Give the listing again word for word. Leave every image out.

___ Raw data

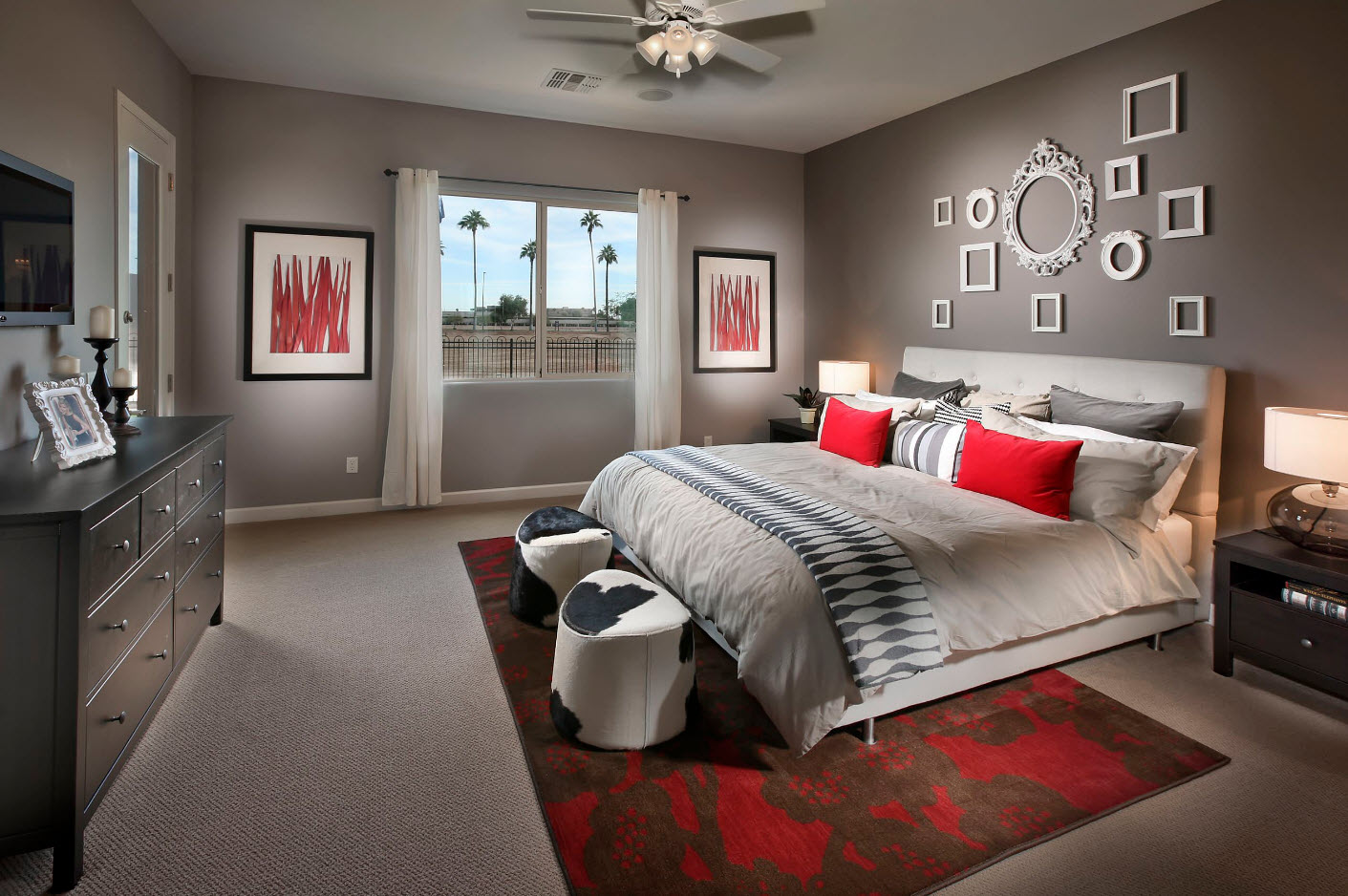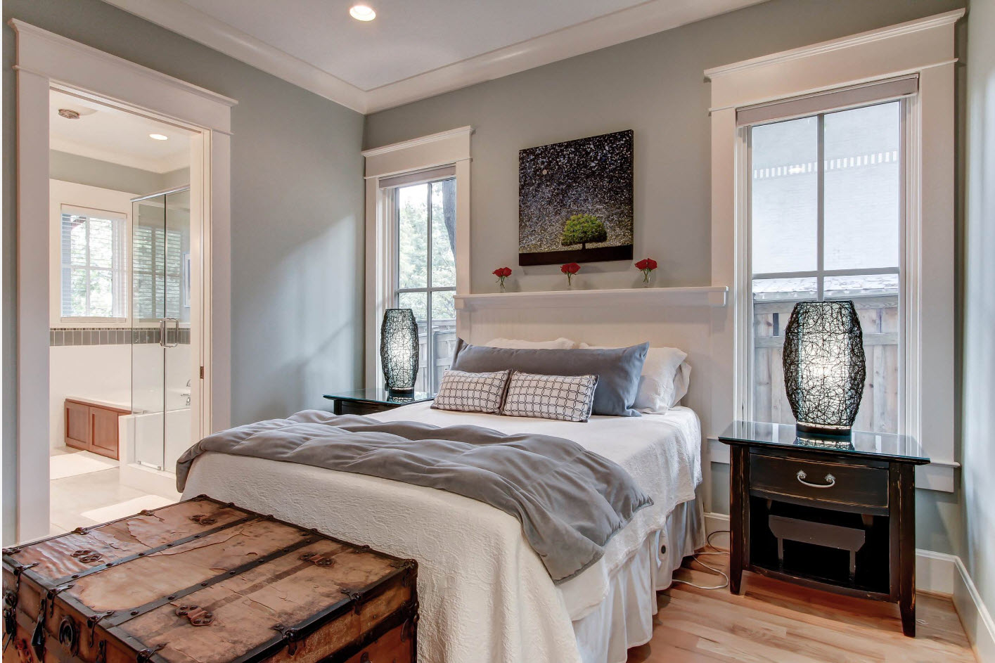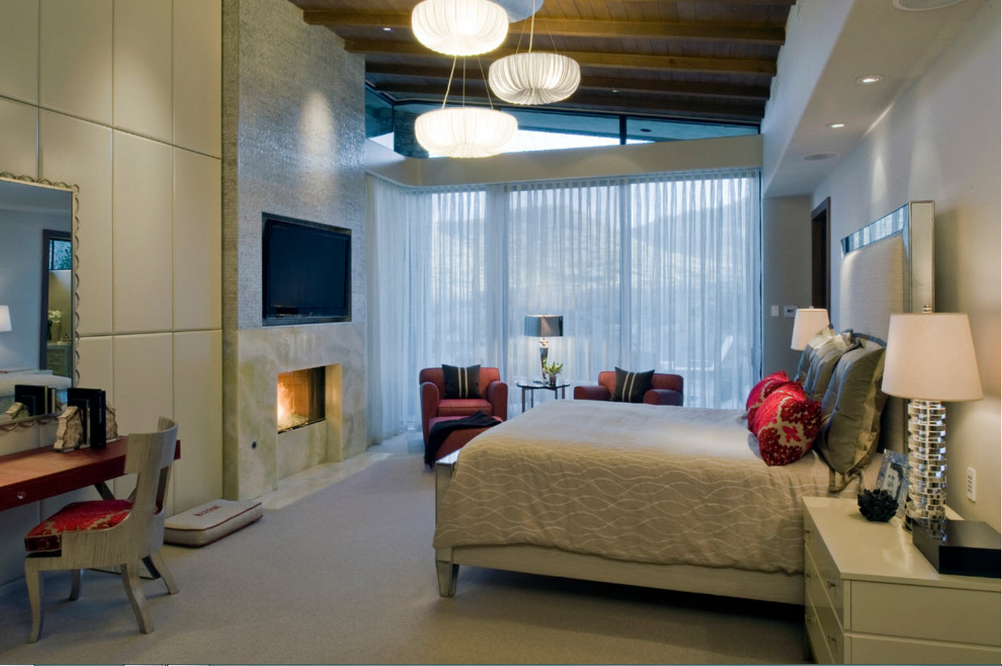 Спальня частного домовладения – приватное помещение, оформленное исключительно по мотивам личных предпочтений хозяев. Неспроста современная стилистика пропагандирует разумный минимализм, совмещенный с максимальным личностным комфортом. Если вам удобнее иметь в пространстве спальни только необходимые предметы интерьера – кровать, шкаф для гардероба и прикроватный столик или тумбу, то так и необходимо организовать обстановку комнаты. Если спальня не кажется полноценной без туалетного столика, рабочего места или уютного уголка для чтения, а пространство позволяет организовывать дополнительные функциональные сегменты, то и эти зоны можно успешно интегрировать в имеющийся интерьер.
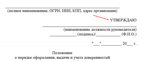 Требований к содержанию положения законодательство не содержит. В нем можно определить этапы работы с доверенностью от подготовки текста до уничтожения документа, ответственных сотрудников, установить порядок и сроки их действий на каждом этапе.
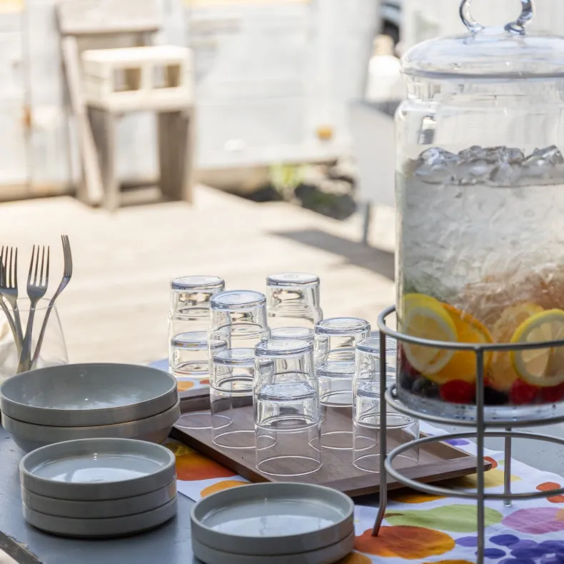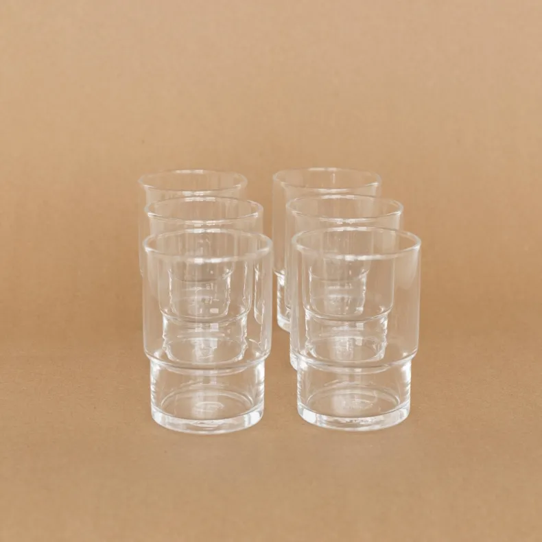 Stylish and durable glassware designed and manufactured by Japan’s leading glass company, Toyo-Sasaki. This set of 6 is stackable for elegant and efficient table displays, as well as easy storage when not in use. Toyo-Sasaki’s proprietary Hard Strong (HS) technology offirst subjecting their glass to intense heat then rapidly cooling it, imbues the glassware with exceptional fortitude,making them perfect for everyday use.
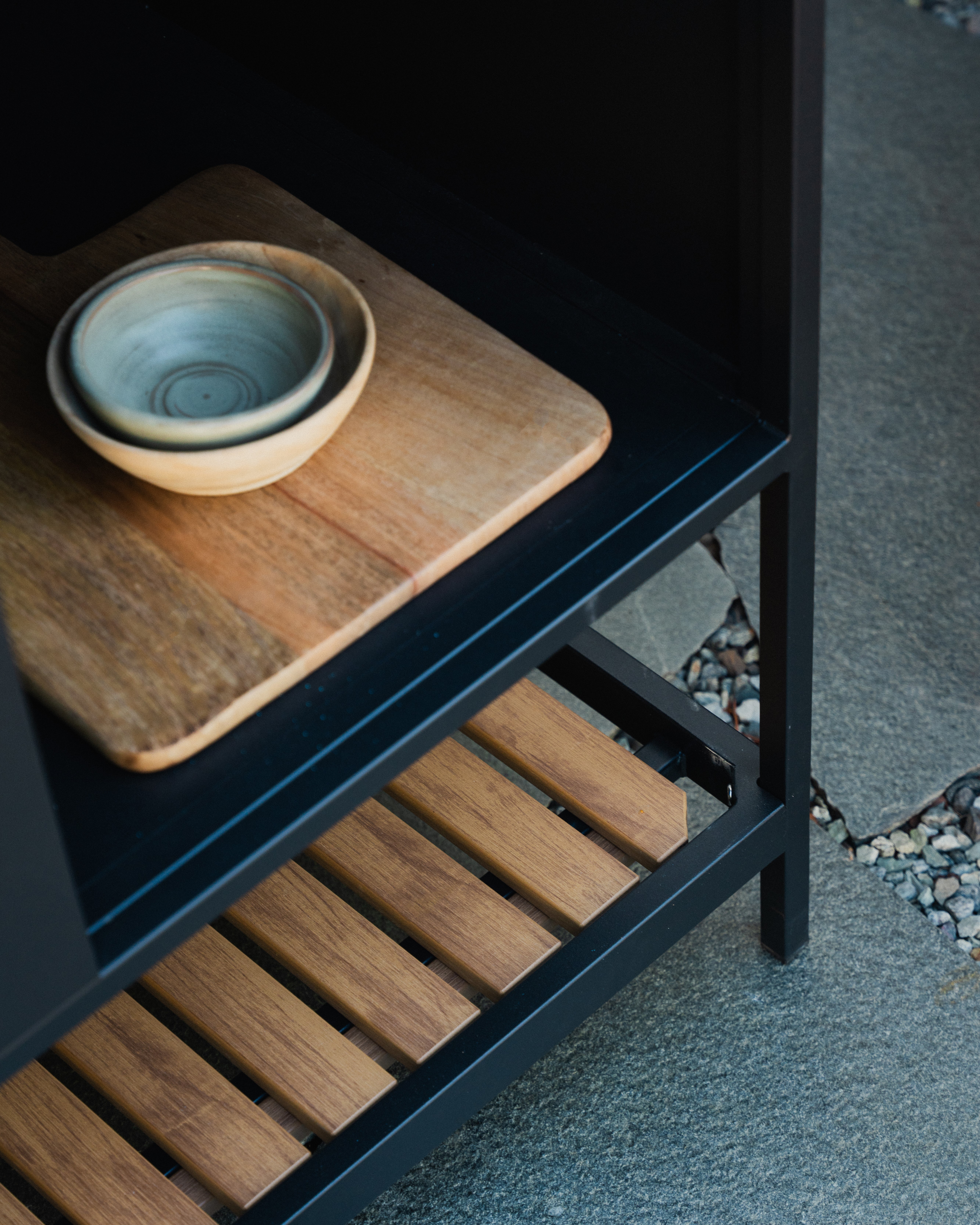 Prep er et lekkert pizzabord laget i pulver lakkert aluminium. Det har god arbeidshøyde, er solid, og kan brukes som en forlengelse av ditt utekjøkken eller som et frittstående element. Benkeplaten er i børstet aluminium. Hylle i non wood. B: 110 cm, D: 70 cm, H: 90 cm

______

■ **Solution for this exercise**
 Спальня частного домовладения – приватное помещение, оформленное исключительно по мотивам личных предпочтений хозяев. Неспроста современная стилистика пропагандирует разумный минимализм, совмещенный с максимальным личностным комфортом. Если вам удобнее иметь в пространстве спальни только необходимые предметы интерьера – кровать, шкаф для гардероба и прикроватный столик или тумбу, то так и необходимо организовать обстановку комнаты. Если спальня не кажется полноценной без туалетного столика, рабочего места или уютного уголка для чтения, а пространство позволяет организовывать дополнительные функциональные сегменты, то и эти зоны можно успешно интегрировать в имеющийся интерьер.
 Требований к содержанию положения законодательство не содержит. В нем можно определить этапы работы с доверенностью от подготовки текста до уничтожения документа, ответственных сотрудников, установить порядок и сроки их действий на каждом этапе.
 Stylish and durable glassware designed and manufactured by Japan’s leading glass company, Toyo-Sasaki. This set of 6 is stackable for elegant and efficient table displays, as well as easy storage when not in use. Toyo-Sasaki’s proprietary Hard Strong (HS) technology offirst subjecting their glass to intense heat then rapidly cooling it, imbues the glassware with exceptional fortitude,making them perfect for everyday use.
 Prep er et lekkert pizzabord laget i pulver lakkert aluminium. Det har god arbeidshøyde, er solid, og kan brukes som en forlengelse av ditt utekjøkken eller som et frittstående element. Benkeplaten er i børstet aluminium. Hylle i non wood. B: 110 cm, D: 70 cm, H: 90 cm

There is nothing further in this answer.